Disadvantages of this technique:
- Reconstructs the HTTP message instead of recording directly as passed over the network.
- Fragile, since depends on debugging output of httplib. There is no guarantee that this debugging output will remain unchanged in the future.
- Often requires hacking the API library to get access to the HTTP client.
The second approach was suggested by Ed Summers. In this approach, an HTTP proxy records the HTTP transaction. In a proxying setup, the HTTP client makes its request to the proxy. The proxy in turn relays the request to the HTTP server. It receives the response from the server and relays it back to the client. By acting as a “man in the middle”, the proxy has access to the entire HTTP transaction.
Internet Archive’s warcprox is an HTTP proxy that writes the recorded HTTP transactions to WARCs. Among other applications, warcprox is used in Ilya Kreymer’s webrecorder.io, which records the HTTP transactions from a user browsing the web. In our case, warcprox will record the HTTP transactions between the API library and the social media platform’s server.
This gist demonstrates using the Python Flickr API Kit to retrieve the record for a photo from Flickr’s API and recording it using warcprox: https://gist.github.com/justinlittman/0b3d76ca0465a9d914ed
- Records the HTTP transaction directly without having to reconstruct it. (As evidence of this look at https://gist.github.com/justinlittman/0b3d76ca0465a9d914ed#file-technique2-warc-L40. That gobbly gook is the gzipped HTTP message body, which should be expected because the Content-Encoding header is given as “gzip” at https://gist.github.com/justinlittman/0b3d76ca0465a9d914ed#file-technique2-warc-L34.)
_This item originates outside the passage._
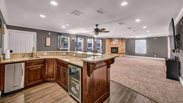 - Built-In Features, Decorative Lighting, Granite Counters, High Speed Internet Available, In-Law Suite Floorplan, Kitchen Island, Multiple Staircases, Pantry, Second Primary Bedroom, Sound System Wiring, Vaulted Ceiling(s), Wainscoting, Walk-In Closet(s), Wet Bar

- Can be used with social media harvesters written in any language, not just Python.
- Depends on the API library supports configuring a proxy or hacking the API library to get access to the HTTP client to configure proxying.
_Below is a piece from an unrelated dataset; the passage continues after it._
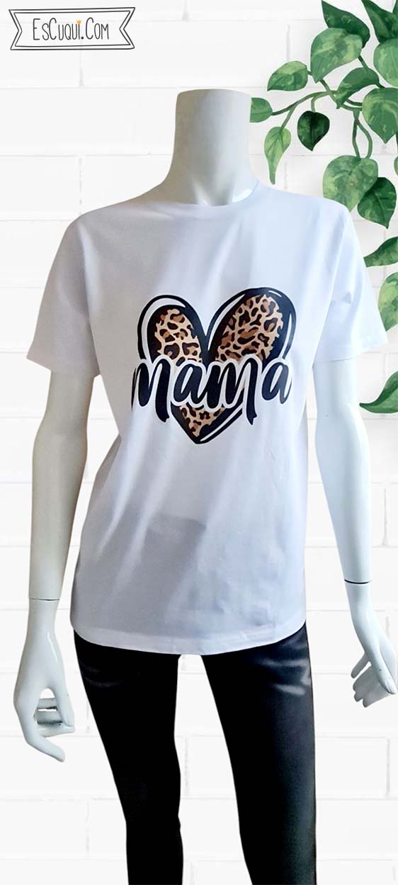 ¿Te gusta llevar camisetas iguales para madre e hija? Pues esta preciosa camiseta en color blanco con un coqueto corazón con estampado animal print de leopardo es ideal para que vayáis a juego mami e hija. ¡Mami y Mini!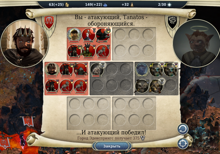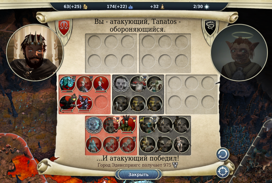 His leader returned back on turn 22 and ran away from my approaching army. He blocked bridge with two stacks trying to save his leader, so I was able to attack him with only one ground stack. But I had 5 floating/flying units and so it was 11 vs 12 battle.

- Does not provide control over the WARC, especially the ability to write WARC record headers.
- Requires running proxy as a separate process from the harvester.
STG is continuing to experiment with and refine these two approaches. Thoughts on these approaches or suggestions for other techniques would be appreciated and we welcome any discussion of social media harvesting in general.